For this reason, I liked your reference to Einstein as perhaps the Newton of the 21st century. From my perspective what we do as scholars, scientists, and philosophers is produce provisional knowledge that is useful to our current moment/intellectual context, but it would be a mistake to cling to notions of absolute or eternal truths.

 

This doesn’t mean that “science is just a faith,” but it does mean that all scientific findings are merely provisional and we need to take any scientific claim with a greater degree of humility than most folks I talk to are used to. I don’t think science requires I assume that the universe is intelligible as your previous interlocutor suggested. All that science requires is a kind of local and provisional intelligibility or instrumental efficacy at the human scale.


We could add as a corollary contra-Dawkins and his naïve atheism that the theological conception of God is precisely not the kind of thing we would have scientific access to. God is not a hypothesis that can be falsified empirically because God would be beyond space, time, and causation.

 

But this shouldn’t give theologians too much comfort because like the noumena about which nothing can be said, the same argument could be used to argue that the only possible approach to the divine would be a “via negativa” that can only be approached by negating things or remarking on what cannot be said. So while this may be controversial with your readers, I don’t think we can regard positively-formulated “religious truths” as any more eternal than scientific ones. (But I tend not to see “faith” as a universal aspect of “religion,” although perhaps we can talk about that later). 

 

 

2—The second issue is the relationship between contemporary scientific ontology, determinism, and the limits of knowledge.
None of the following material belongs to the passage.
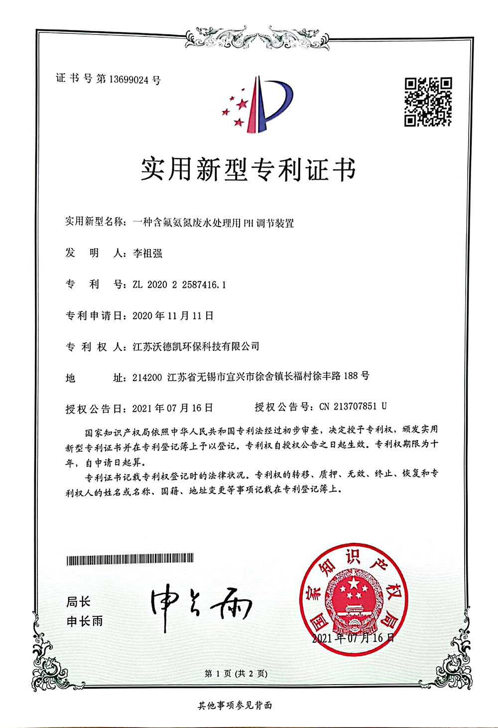 当前位置:首页>>关于我们>>荣誉资质>>含氟氨氮废水处理用PH调节装置

I want to argue here that our current physics suggests either a) objective probability and therefore no determinism, or b) ontological determinism but nevertheless subjective probability.

 

I’ve only recently begun thinking significantly about the ontology of quantum physics and its philosophical implications. So the following is a bit provisional.

 

That said, what has stood out in my reading thus far is that quantum entanglement is deeply weird and what most popular commentators miss is that its implications scale. Basically, by all rights quantum entanglement should extend all the way up from the basic particles to the things measuring them, in other words, to macro objects. So quantum indeterminacy should be seen as something that affects the whole of the cosmos.

 

But there are two main influential strands in understanding quantum indeterminacy. One camp sees quantum indeterminacy as demonstrating that objective probability is central to the universe. Basically, the universe itself is random. But this isn’t the only or necessarily the main way to read quantum phenomena.

 

Influential alternatives suggest that quantum indeterminacy does not mean objective probability but actually describes limitations in the way we measure the phenomena (e.g. David Bohm’s ontological theory and others), or a newer group of philosophers who describe themselves as Wave Function Realists seem to embrace the notion that superposition is ontological and that quantum physics is evidence for emerging multiple worlds. Quantum determinists differ in their explanation of indeterminacy but generally agree that quantum events are not random. The important thing for us is that the world is both determined in principle and, from the standpoint of a given observer, behaves probabilistically (with subjective probability).

 

But you don’t need quantum physics to get a deterministic but also unpredictable world.

 

Even based on the laws of thermodynamics, if there is anything like chaos or extreme sensitivity to minute differences in initial conditions, the cosmos could both be fully deterministic (lacking objective probability) and also necessarily fundamentally unpredictable (thus exhibiting subjective probability). Think of Edward Lorenz’s famous example of the butterfly’s wing beats launching a causal cascade that would alter the course of a tornado. There is a lot of evidence that deterministic nonlinear systems are so sensitive that they are almost necessarily unpredictable unless you know the starting state to a very fine degree.

 

Moreover, if space and time are continuous (rather than discrete), then the location of a given particle would occur on a scale that was irreducible to rational numbers and this would mean that for all intents and purposes the world would still be unpredictable even if the universe was fundamentally deterministic.

 

To take this all together, 1) scientific knowledge is necessarily limited and provisional, but I don’t think that should get us down too much; and 2) if we take it at its word, the contemporary ontology of physics either gives us a universe which at its core is random or it gives us a world which is deterministic but which nevertheless necessarily appears probabilistic to any being with merely finite knowledge.   

 

NRIII: Welcome! Thanks so much for participating in the discussion! I think the spirit of God’s Casino, or Faith in Physics at the Chelsea Hotel (an ongoing literary discussion of philosophers, artists, scientists, etc. regarding a variety of philosophical themes engaged here on Kritikos), which is emerging at this point, is that of an unsolved mystery, fixed in time within a hurricanic cone of uncertainty. Cultural practices, academic and otherwise (e.g. philosophy, art, mathematics, science, religion, politics, agriculture, economics, etc.) portend to do many things, perhaps all things for their respective and most staunchly orthodox adherents, but the problem is that they don’t in all actuality do many things very well. Worse, such practices may not even do the one or two specific things they are most intent on doing all that well either.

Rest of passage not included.